==== RECORD EXCERPTS
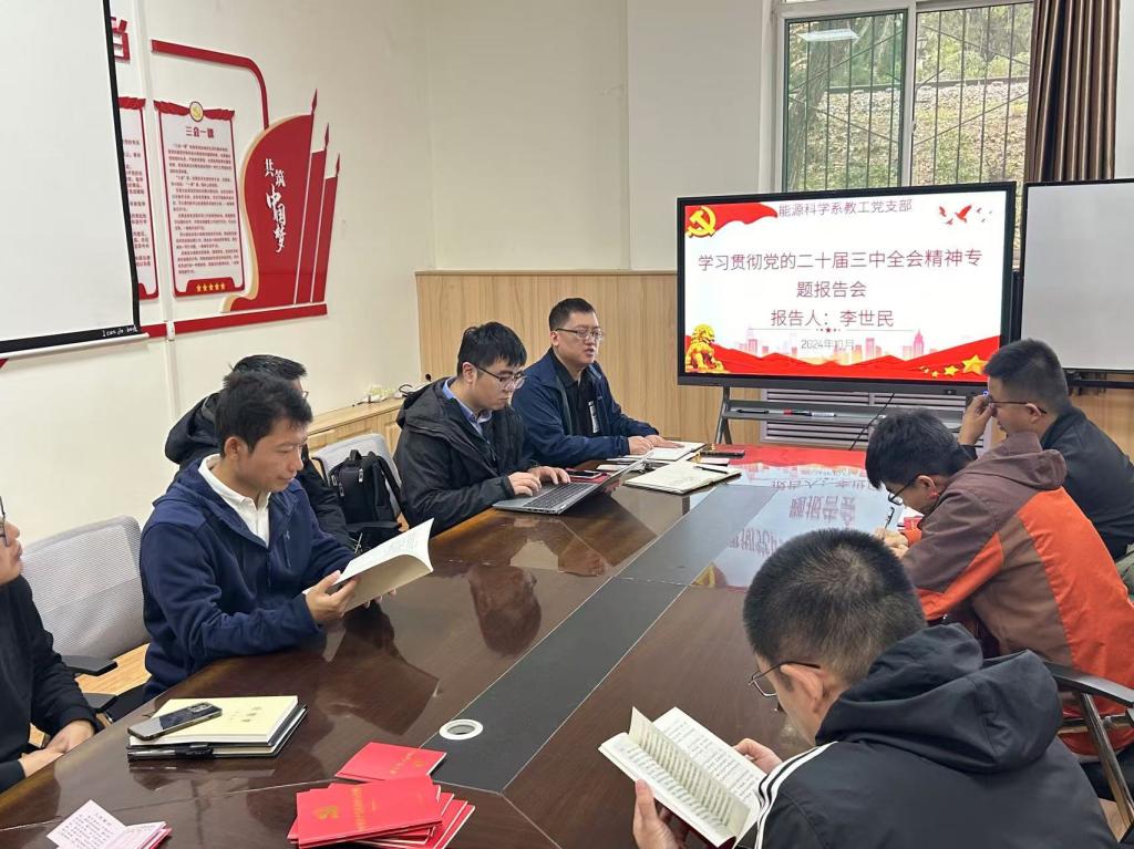 2024年10月30日,能源科学系教工党支部召开“学习贯彻党的二十届三中全会精神”专题宣讲会,党支部书记李世民做专题报告。
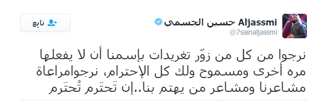 وقال في تغريدة عبر حسابه على "تويتر": "نرجو من كل من زوّر تغريدات باسمنا أن لا يفعلها مرة أخرى ومسموح ولك كل الاحترام".
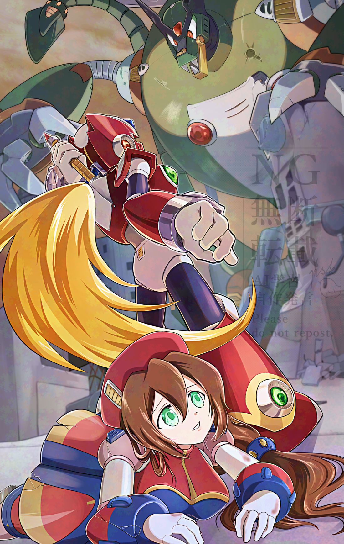 1boy1girl2boysandroidarmorbattle damageberetblonde hairbreastsbrown hairchest jewelclenched teethdirtdragondressenergy sworderegion (mega man)forehead jewelfull bodyglovesgreen eyeshathelmetholdingholding swordholding weaponjewelrylarge breastslong hairlooking at anotherlow-tied long hairmulticolored dressmultiple boysnon-humanoid robotparted lipsred armorred eyesred hatred helmetrobotrobot dragonrobot earsrobot girlstandingswordteethvery long hairweaponwhite glovesz saber
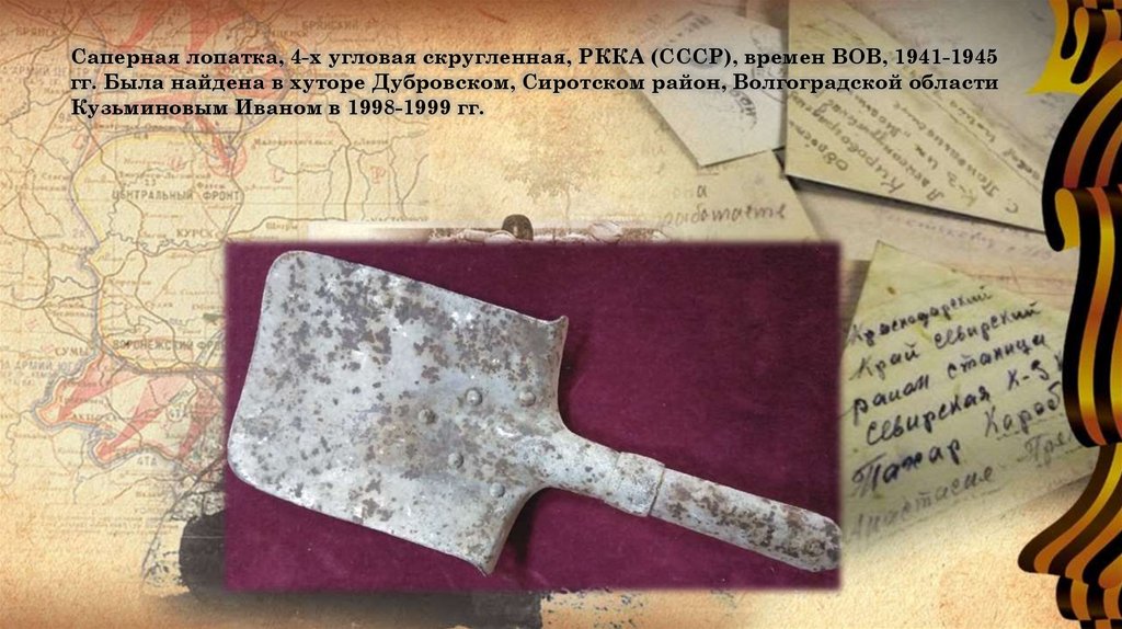 Саперная лопатка, 4-х угловая скругленная, РККА (СССР), времен ВОВ, 1941-1945гг. Была найдена в хуторе Дубровском, Сиротском район, Волгоградской области
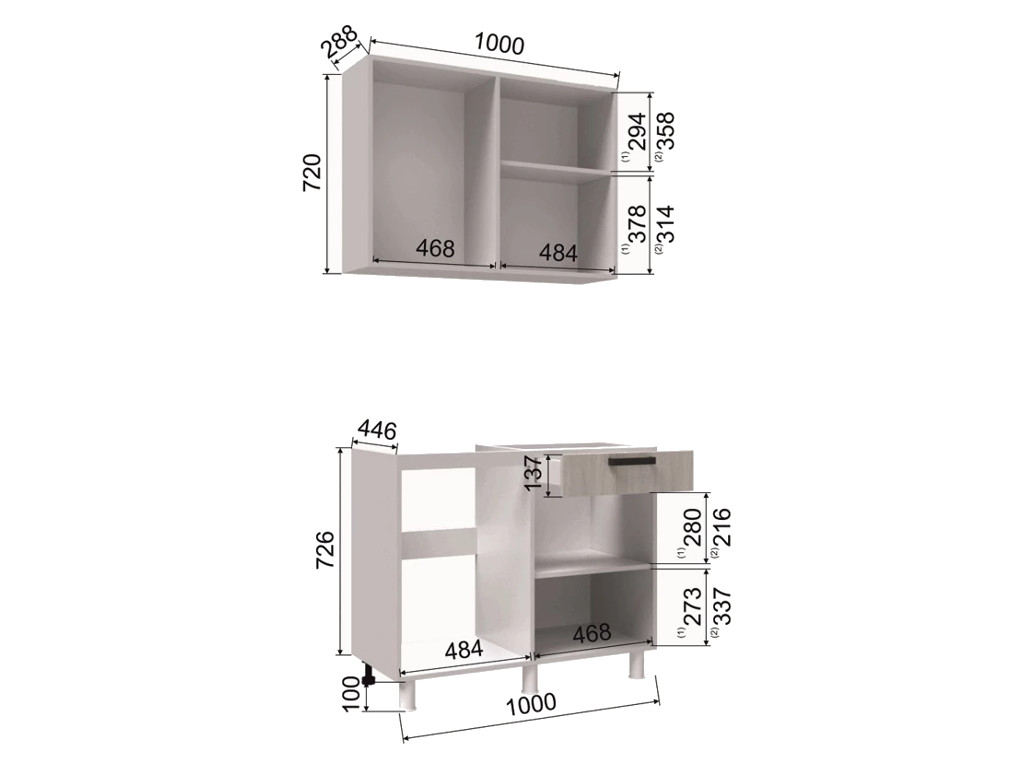 - Кухня Аликанте 1000 МДФ Белый снег без столешницы
========
## WHAT IS NEEDED
What the answer needs is every line from the one containing "hairweaponwhite glovesz saber" through the final line of the data above, copied exactly, without pictures.

## ANSWER BOX
 1boy1girl2boysandroidarmorbattle damageberetblonde hairbreastsbrown hairchest jewelclenched teethdirtdragondressenergy sworderegion (mega man)forehead jewelfull bodyglovesgreen eyeshathelmetholdingholding swordholding weaponjewelrylarge breastslong hairlooking at anotherlow-tied long hairmulticolored dressmultiple boysnon-humanoid robotparted lipsred armorred eyesred hatred helmetrobotrobot dragonrobot earsrobot girlstandingswordteethvery long hairweaponwhite glovesz saber
 Саперная лопатка, 4-х угловая скругленная, РККА (СССР), времен ВОВ, 1941-1945гг. Была найдена в хуторе Дубровском, Сиротском район, Волгоградской области
 - Кухня Аликанте 1000 МДФ Белый снег без столешницы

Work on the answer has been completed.